In order to run the scipt two command line arguments need to be specified, path to the input file with names, and path where the output file should be saved.
name |
---|
Peter |
Fariba |
Jovan |
name | count | gender | confidence |
---|---|---|---|
Peter | 3658 | male | .99 |
Fariba | 465 | female | .96 |
Jovan | 60 | male | .98 |
python genderize_query.py [inputfile.csv] [outputfile.csv]
For the next step we need to retrieve images for specified names from Google Image results by using getGoogleImages and then use Face++ API to infere gender out of these images.
Before runing this file, a file containing first and last names should be prepared. The format of one name is: FIRST_NAME+LAST_NAME, for example: fariba+karimi. As a result of runing the script, a file will be generated and it will contain 5 URLs of images retrieved for specified name, for example: fariba+karimi,[url1,url2,url3,url4,url5]
- Java
Peter+Smith |
---|
Fariba+Karimi |
Jovan+Jovanovic |
Peter+Smith | http://.. | http://.. | http://.. | http://.. | http://.. |
---|---|---|---|---|---|
Fariba+Karimi | http://.. | http://.. | http://.. | http://.. | http://.. |
Jovan+Jovanovic | http://.. | http://.. | http://.. | http://.. | http://.. |
The script can be ran this way:
java -jar getGoogleImagesv0.31.jar [inputfile.txt] [output.csv]

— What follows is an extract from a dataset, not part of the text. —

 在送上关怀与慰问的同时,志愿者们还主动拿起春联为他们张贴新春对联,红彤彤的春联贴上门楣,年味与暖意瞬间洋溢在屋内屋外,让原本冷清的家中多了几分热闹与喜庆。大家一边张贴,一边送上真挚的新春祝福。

Using the file generated by getGoogleImages as input, we can retrieve gender for specified images using Face++.
- Python 2
- urllib2
- Face++ API key
In order to run the scipt two command line arguments need to be specified, path to the input file with names and urls, and path where the output file (json) should be saved.
Peter+Smith | http://.. | http://.. | http://.. | http://.. | http://.. |
---|---|---|---|---|---|
Fariba+Karimi | http://.. | http://.. | http://.. | http://.. | http://.. |
Jovan+Jovanovic | http://.. | http://.. | http://.. | http://.. | http://.. |
This file contains results for each image passed to the API. The results contain information about url, image size, face attributes like: gender , age, pose, race, smiling, mouth_left, mouth_righ, nose, eye_right.

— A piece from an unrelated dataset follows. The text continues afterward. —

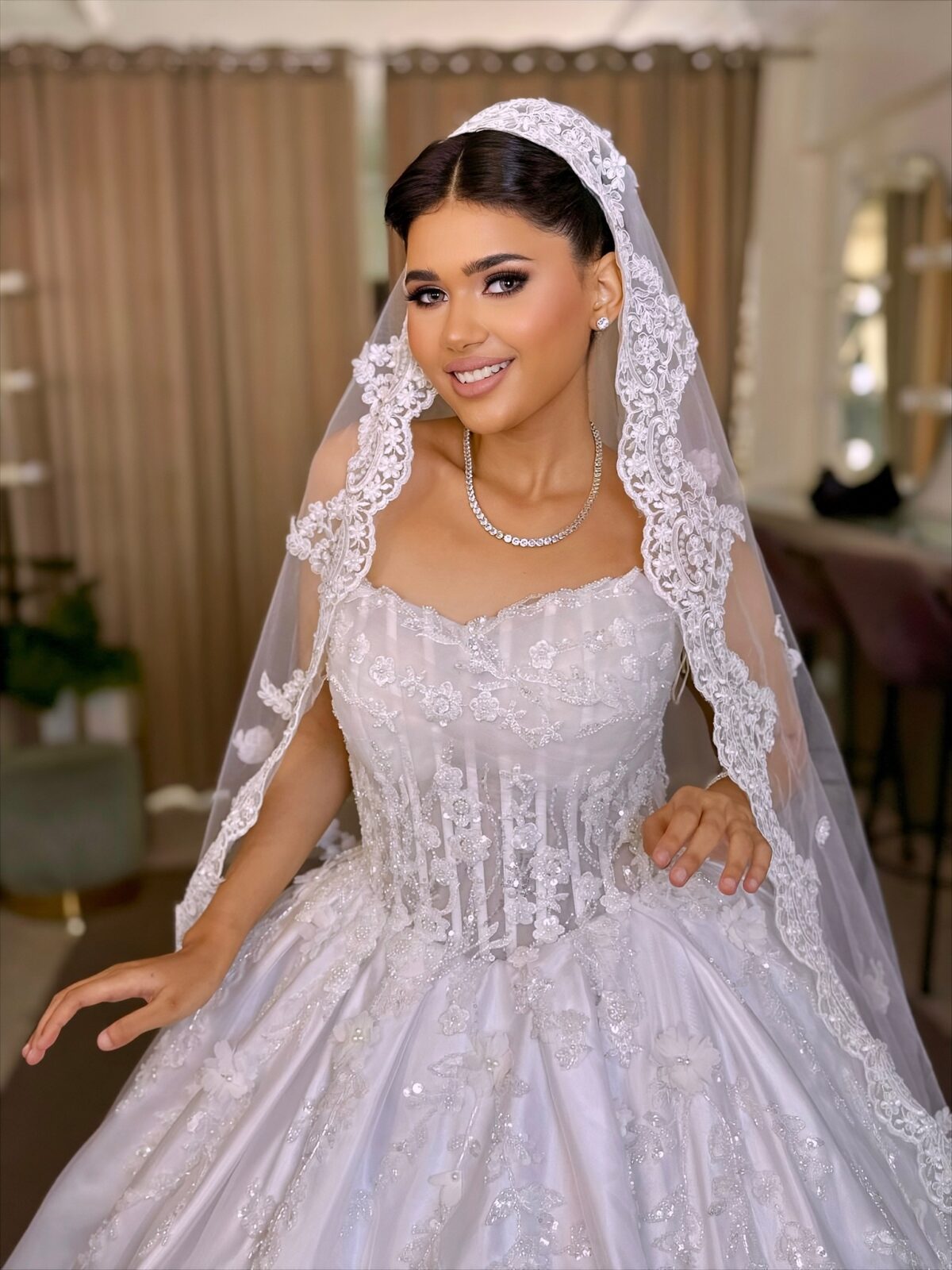 Veil by Menna بتقدملك تجربة متكاملة، لأن الشعر والطرحة بيتعملوا مع بعض من نفس الأيد. وده بيدي نتيجة متناغمة تخليكي واثقة من إطلالتك في يومك الكبير.

python faceplus_query.py [inputfile.csv] [outputfile.json]
After generating the json file with face++, it needs to be processed, and this can be done using the face_plus_processing.py whichh also follows the approach specified in the refferenced paper.
Json file specified above.
name | gender |
---|---|
Fariba+Karimi | female |
Jovan+Jovanovic | male |
python faceplus_processing.py [inputfile.json] [outputfile.csv]